• _Work to complete_: Look in the data below for the line that has "外部ツール:返信通知、マーケ", then print exactly every line from there through the line that has "Забавная женская футболка", leaving pictures out.

━━━ Information provided

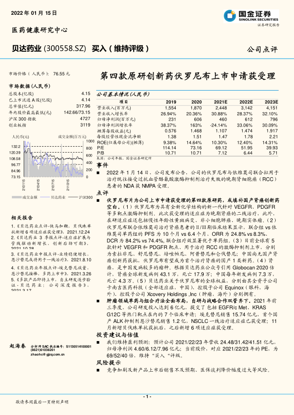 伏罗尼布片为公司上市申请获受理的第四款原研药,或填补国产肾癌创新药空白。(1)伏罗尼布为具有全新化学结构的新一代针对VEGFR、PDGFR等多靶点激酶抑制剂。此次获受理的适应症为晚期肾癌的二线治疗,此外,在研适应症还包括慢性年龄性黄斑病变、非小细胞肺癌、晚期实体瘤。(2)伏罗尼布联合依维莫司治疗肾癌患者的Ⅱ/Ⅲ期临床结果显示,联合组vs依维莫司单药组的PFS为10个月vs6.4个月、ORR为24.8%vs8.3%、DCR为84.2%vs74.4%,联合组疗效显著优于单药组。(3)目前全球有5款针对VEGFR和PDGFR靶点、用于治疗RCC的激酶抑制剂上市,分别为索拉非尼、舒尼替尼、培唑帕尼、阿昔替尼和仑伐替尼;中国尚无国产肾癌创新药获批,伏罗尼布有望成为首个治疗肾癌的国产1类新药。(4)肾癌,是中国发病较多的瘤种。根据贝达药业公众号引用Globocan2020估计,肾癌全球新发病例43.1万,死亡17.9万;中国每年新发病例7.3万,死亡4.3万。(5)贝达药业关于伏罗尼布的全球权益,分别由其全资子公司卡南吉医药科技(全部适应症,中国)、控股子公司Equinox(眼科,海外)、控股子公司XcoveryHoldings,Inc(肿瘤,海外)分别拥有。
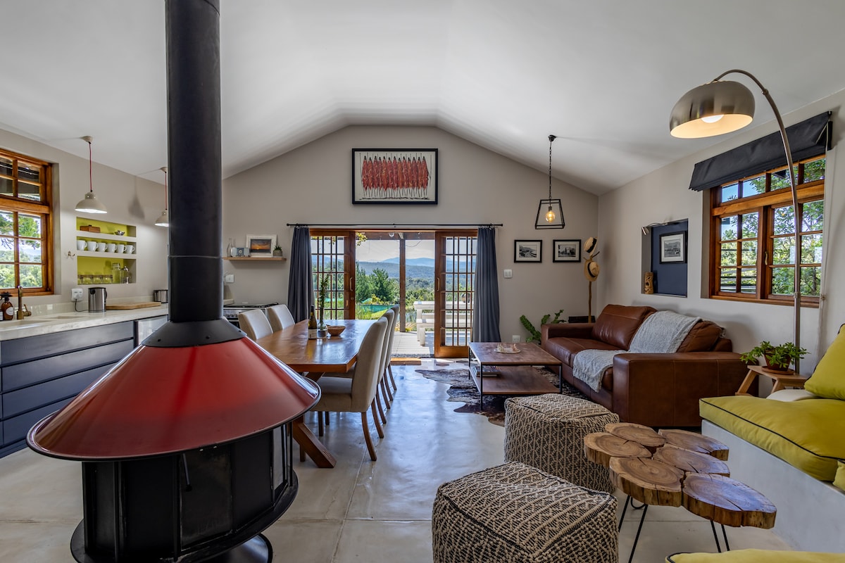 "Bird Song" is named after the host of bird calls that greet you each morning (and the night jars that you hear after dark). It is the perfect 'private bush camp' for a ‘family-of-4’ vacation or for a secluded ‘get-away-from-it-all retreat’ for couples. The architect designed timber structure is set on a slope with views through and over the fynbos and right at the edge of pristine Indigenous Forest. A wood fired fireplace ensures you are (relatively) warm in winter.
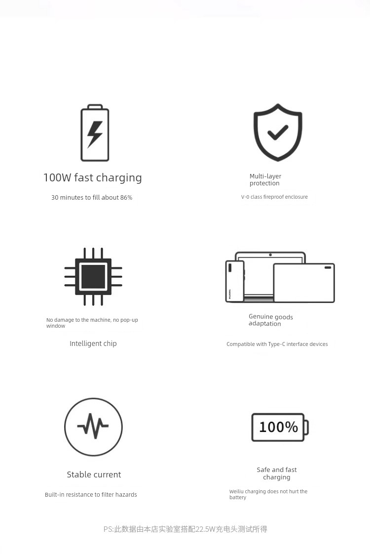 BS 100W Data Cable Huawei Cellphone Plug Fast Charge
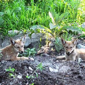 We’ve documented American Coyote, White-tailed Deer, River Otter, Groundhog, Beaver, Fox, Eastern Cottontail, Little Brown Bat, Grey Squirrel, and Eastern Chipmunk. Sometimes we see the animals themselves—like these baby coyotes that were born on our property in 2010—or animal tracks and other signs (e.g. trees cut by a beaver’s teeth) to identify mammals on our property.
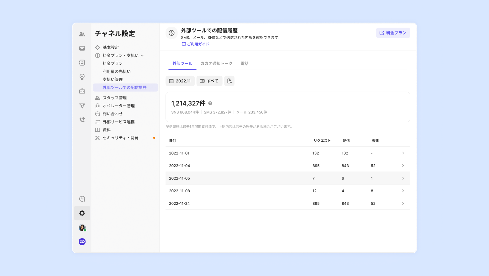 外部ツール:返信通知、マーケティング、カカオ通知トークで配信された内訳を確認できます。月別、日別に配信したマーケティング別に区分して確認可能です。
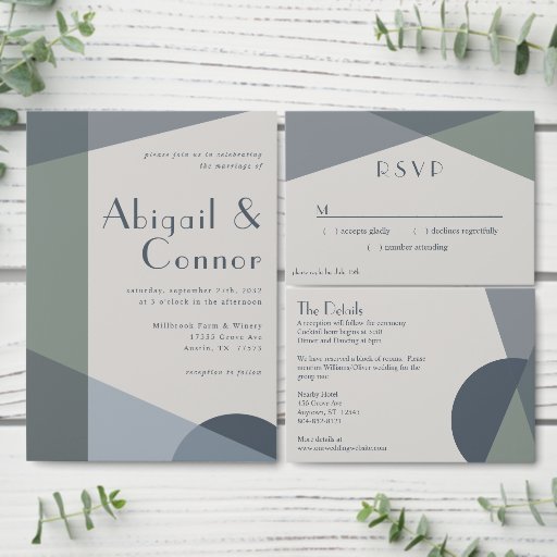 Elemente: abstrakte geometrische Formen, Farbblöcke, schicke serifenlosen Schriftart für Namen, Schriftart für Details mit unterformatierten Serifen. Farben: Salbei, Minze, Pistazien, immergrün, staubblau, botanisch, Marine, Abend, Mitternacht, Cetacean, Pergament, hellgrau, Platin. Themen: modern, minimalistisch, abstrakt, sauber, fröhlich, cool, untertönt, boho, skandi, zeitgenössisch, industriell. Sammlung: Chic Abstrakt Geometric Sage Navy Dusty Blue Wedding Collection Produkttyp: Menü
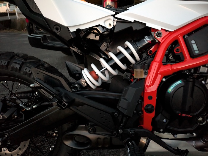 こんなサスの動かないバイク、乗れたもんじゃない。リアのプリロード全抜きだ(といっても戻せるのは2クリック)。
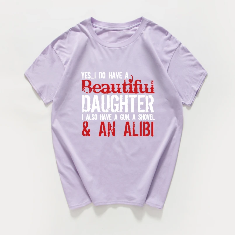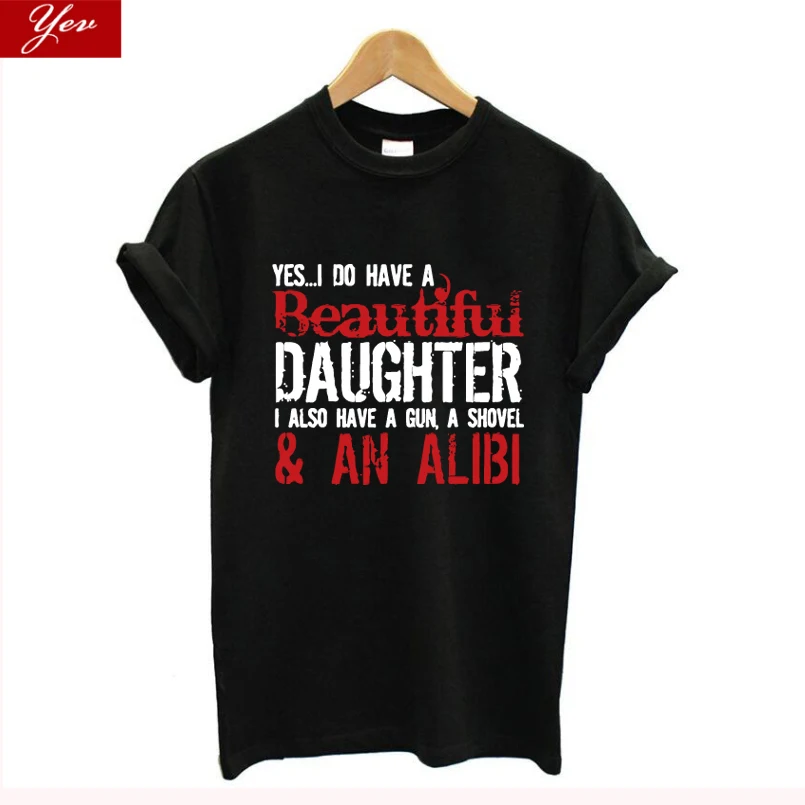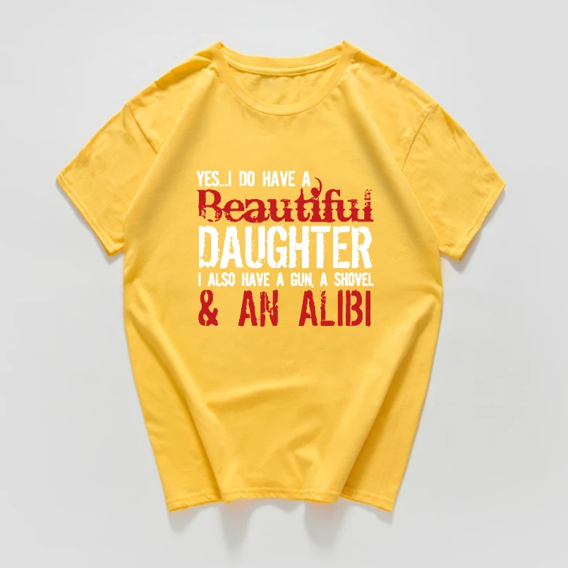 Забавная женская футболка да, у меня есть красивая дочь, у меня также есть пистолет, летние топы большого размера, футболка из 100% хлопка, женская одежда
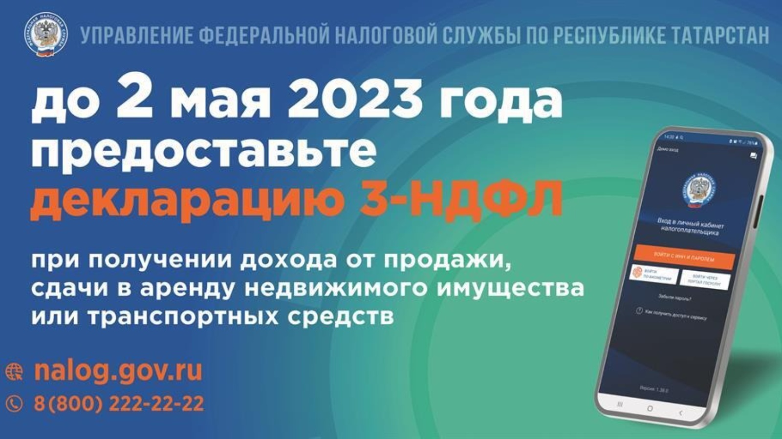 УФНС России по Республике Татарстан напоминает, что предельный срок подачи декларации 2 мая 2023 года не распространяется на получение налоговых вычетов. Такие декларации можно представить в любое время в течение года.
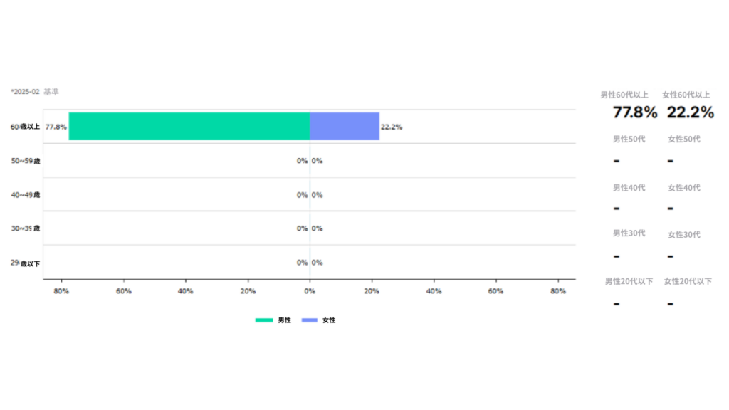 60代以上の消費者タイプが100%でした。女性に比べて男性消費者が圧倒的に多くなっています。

━━━━━━
━━━ Information provided

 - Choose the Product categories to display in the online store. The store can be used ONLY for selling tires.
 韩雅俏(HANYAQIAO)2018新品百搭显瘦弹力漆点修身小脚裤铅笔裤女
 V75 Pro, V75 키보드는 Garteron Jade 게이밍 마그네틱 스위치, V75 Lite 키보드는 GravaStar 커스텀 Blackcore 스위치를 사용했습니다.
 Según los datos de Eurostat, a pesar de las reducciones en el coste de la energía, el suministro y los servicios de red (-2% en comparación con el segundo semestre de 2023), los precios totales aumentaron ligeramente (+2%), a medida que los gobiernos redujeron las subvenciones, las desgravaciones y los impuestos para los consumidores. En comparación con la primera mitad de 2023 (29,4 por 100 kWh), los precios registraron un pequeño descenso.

━━━━━━

• _Answer to this problem_:
 外部ツール:返信通知、マーケティング、カカオ通知トークで配信された内訳を確認できます。月別、日別に配信したマーケティング別に区分して確認可能です。
 Elemente: abstrakte geometrische Formen, Farbblöcke, schicke serifenlosen Schriftart für Namen, Schriftart für Details mit unterformatierten Serifen. Farben: Salbei, Minze, Pistazien, immergrün, staubblau, botanisch, Marine, Abend, Mitternacht, Cetacean, Pergament, hellgrau, Platin. Themen: modern, minimalistisch, abstrakt, sauber, fröhlich, cool, untertönt, boho, skandi, zeitgenössisch, industriell. Sammlung: Chic Abstrakt Geometric Sage Navy Dusty Blue Wedding Collection Produkttyp: Menü
 こんなサスの動かないバイク、乗れたもんじゃない。リアのプリロード全抜きだ(といっても戻せるのは2クリック)。
 Забавная женская футболка да, у меня есть красивая дочь, у меня также есть пистолет, летние топы большого размера, футболка из 100% хлопка, женская одежда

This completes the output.